ほぼ全額を「人材」と「マーケ」に投資します

先日のブログに続いて、今回も資金調達ネタです。

シリーズCで調達した61.5億円を何に使うのか?

結論から言うと「人件費・採用費」「マーケティング費用」に投資します。比率はおそらく半々くらい。

2〜3年で使いきります

2〜3年で61.5億円を使い切る予定です。前回のシリーズBの15億円も1年半できっちり使い切りました。

今回のブログでは、マーケ費の話は割愛し、「人材」の話をメインで書きます。ほぼ全職種で採用中ですが、特に投資を強化したい3つの採用ポジションについて紹介します。

特に投資したい3つのポジション

1. カスタマーサクセスを年内2倍に

カスタマーサクセスには、「今の事業規模なら、カスタマーサクセスの人数は○○人が適正」とわかる指標があります。

いま、SmartHRの人数はほぼ適正です。昔は適正値よりも人数が多かったのですが、事業成長につれて適正な水準になってきました。

しかし、これを一旦無視して、適正人数の2倍規模のチームにしたいと思っています。わかりやすく言うと「年内にカスタマーサクセスを2倍に」します。

余剰投資かと思われるかもしれませんが、カスタマーサクセスの増員は顧客満足度の高さへと直結します。

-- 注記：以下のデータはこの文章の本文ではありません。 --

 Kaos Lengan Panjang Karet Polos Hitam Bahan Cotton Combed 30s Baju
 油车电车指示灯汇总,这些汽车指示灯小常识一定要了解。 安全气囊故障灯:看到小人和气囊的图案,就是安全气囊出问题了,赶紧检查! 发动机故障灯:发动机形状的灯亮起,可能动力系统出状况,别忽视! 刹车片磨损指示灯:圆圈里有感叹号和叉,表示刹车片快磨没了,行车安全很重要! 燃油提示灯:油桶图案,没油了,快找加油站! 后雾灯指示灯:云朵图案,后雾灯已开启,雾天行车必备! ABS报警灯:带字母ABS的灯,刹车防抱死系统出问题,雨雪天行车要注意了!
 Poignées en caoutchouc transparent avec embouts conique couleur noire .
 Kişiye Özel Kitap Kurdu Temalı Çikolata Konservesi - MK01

そして、顧客満足度の高さは、様々なかたちで事業に良い効果をもたらしてくれます。

カスタマーサクセスへの投資はかならず返ってくると信じて、投資していきます。

(1年でARR2倍になればすぐ適正値になっちゃいますしね。)

先日、SmartHR社に『カスタマーサクセス専属の採用担当』が爆誕しました。この規模の国内スタートアップではおそらく初めてではないでしょうか?

ちなみに専属の採用担当になったメンバーは、もともとSmartHRのアップセル営業として、カスタマーサクセスと一緒に仕事をしていたメンバーのポジションチェンジです。

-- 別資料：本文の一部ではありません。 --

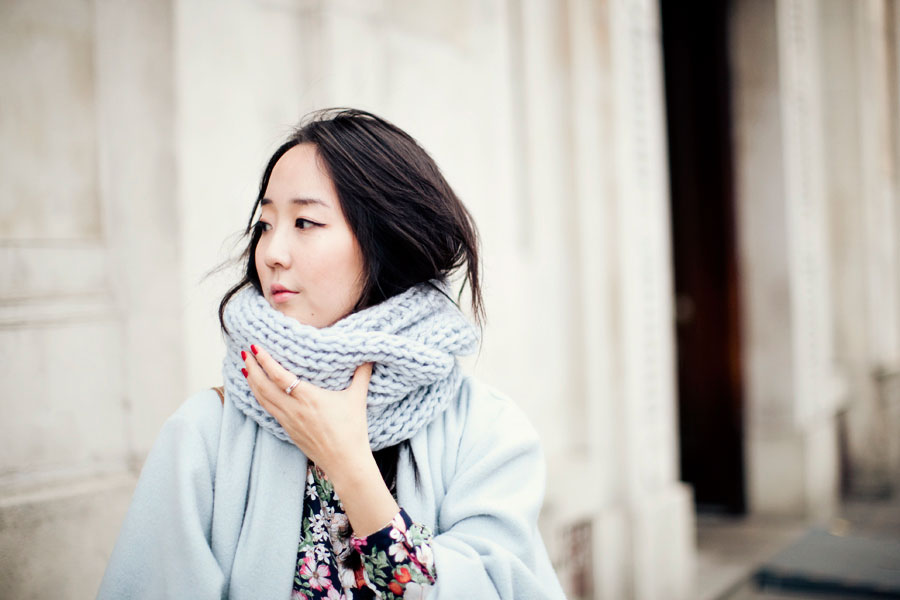 Закриваємо петлі і лишаємо довгий кінчик пряжі. Зшиваємо два кінця шарфа і виходить у нас снуд.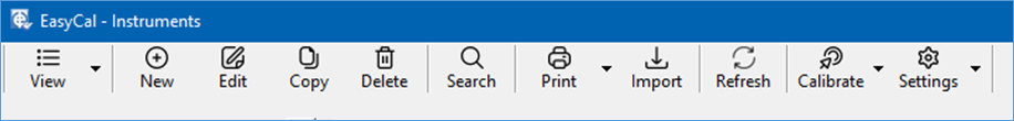 With the new operating principle all actions are performed from this screen and the menu system is no longer used. The individual applications such as PrintCert and CalRun are no longer run independently, but instead accessed via the View and Calibrate toolbar button menus.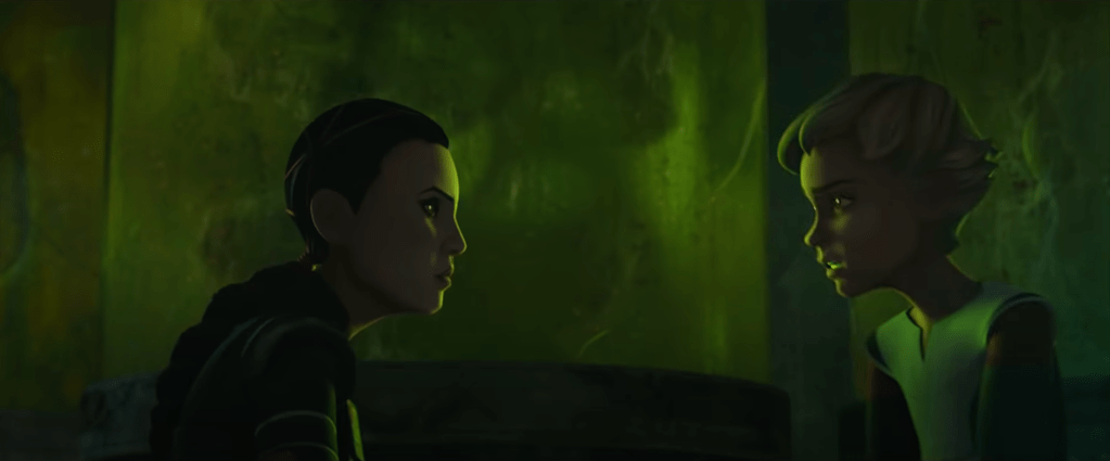 These shots, however, are by far the most interesting in the trailer. Fennec Shand shows back up, and she’s looking at a mysterious green tank of sorts… which falls and breaks open on her, and it looks like there’s a figure inside that begins to fall out. But we don’t get any clear glimpses of this. So there’s a lot of unknowns still, but we do get one concrete bit of information: Fennec Shand will show back up! And given the uptick in interviews with Ming-Na Wen recently and coming up, it seems that Fennec may have a much bigger part to play in the second half of the season. If I had to guess, I think she’ll hunt Omega wanting the bounty for herself. Along the way, however, I wouldn’t be surprised if she comes to appreciate the kid and actually works to protect her rather than harm her. Since Fennec will be starring in The Book of Boba Fett I wouldn’t be surprised if she gets established as a sort of hero, much like she was portrayed in the second season of The Mandalorian. She’s obviously not exactly a ‘good’ person, given her history, but I nonetheless wouldn’t be surprised if she’s portrayed as likable here for fans.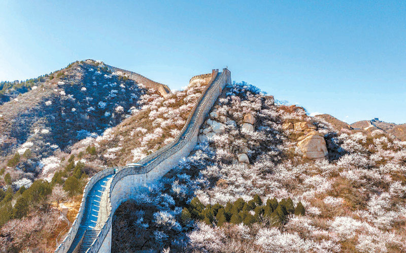 昨天天朗氣清,爛漫的山花將蜿蜒的水關長城裝點得分外妖嬈。本報記者 潘之望攝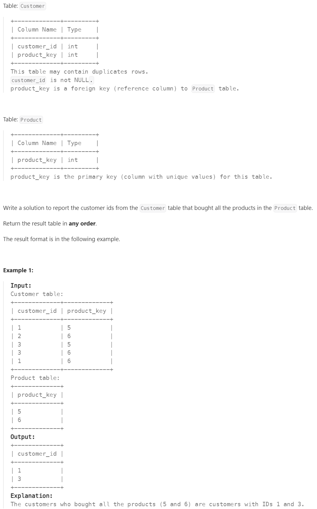 https://leetcode.com/problems/customers-who-bought-all-products/description/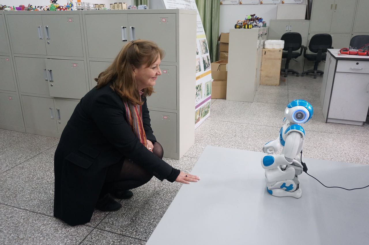 九州(中国)学生自主设计的机器人对Dr. Claire McGowan进行人脸识别

私達ほどカスタマーサクセスに投資できるスタートアップはないと自負しています。

2. エンジニア採用(いま一番のボトルネック)

SmartHR本体の売れ行きはもちろんのこと、有料オプションである「雇用契約」機能や、今年4月に登場した「スタンダードプラン」(アップグレード必要な上位プラン)も、我々の予測を越えてる売れ行きです。

雇用契約」は、新規ユーザーの7割近くがセットで導入し、その成長スピードは「SmartHR本体の初期の成長スピード」よりも1.5倍早く伸びています。

スタンダードプラン」も、まだ販売開始からわずか3ヶ月ですが、すでにSmartHR全体の売上のうち15%を占めるほどです。新規ユーザーの半数近くがスタンダードプランを選んでいます。

9月には「ラクラク人事レポート」(「ラクラク分析レポート」に名称変更予定)の公開も予定しており、すでに一部のお客さまで有料でのテスト利用がはじまっています。

そう、アップセルプロダクトの開発がとてもうまくいっているのです。

また、我々はユーザーの課題からのプロダクト開発を常に意識しており、社内では「開発できれば売れる」と言われている開発候補のプロダクトリストがすでにあり、お客さまも、ビジネスチームも、その登場を待ちわびています。

そんな状況はなかなか稀だと思います。

しかし、それを開発するリソースが足りていません。なぜならば、既存機能をより良いプロダクトに成長させることもにも同時に投資しているからです。

この状況を打破するために、7月から採用チームは大胆な組織改変をし、(エンジニアに限らず全職種で)給与テーブルや昇給テーブルの変更を既に検討開始しています。

SmartHRでは給与テーブルも外部に公開しています。(下記スライドのP35〜を参照)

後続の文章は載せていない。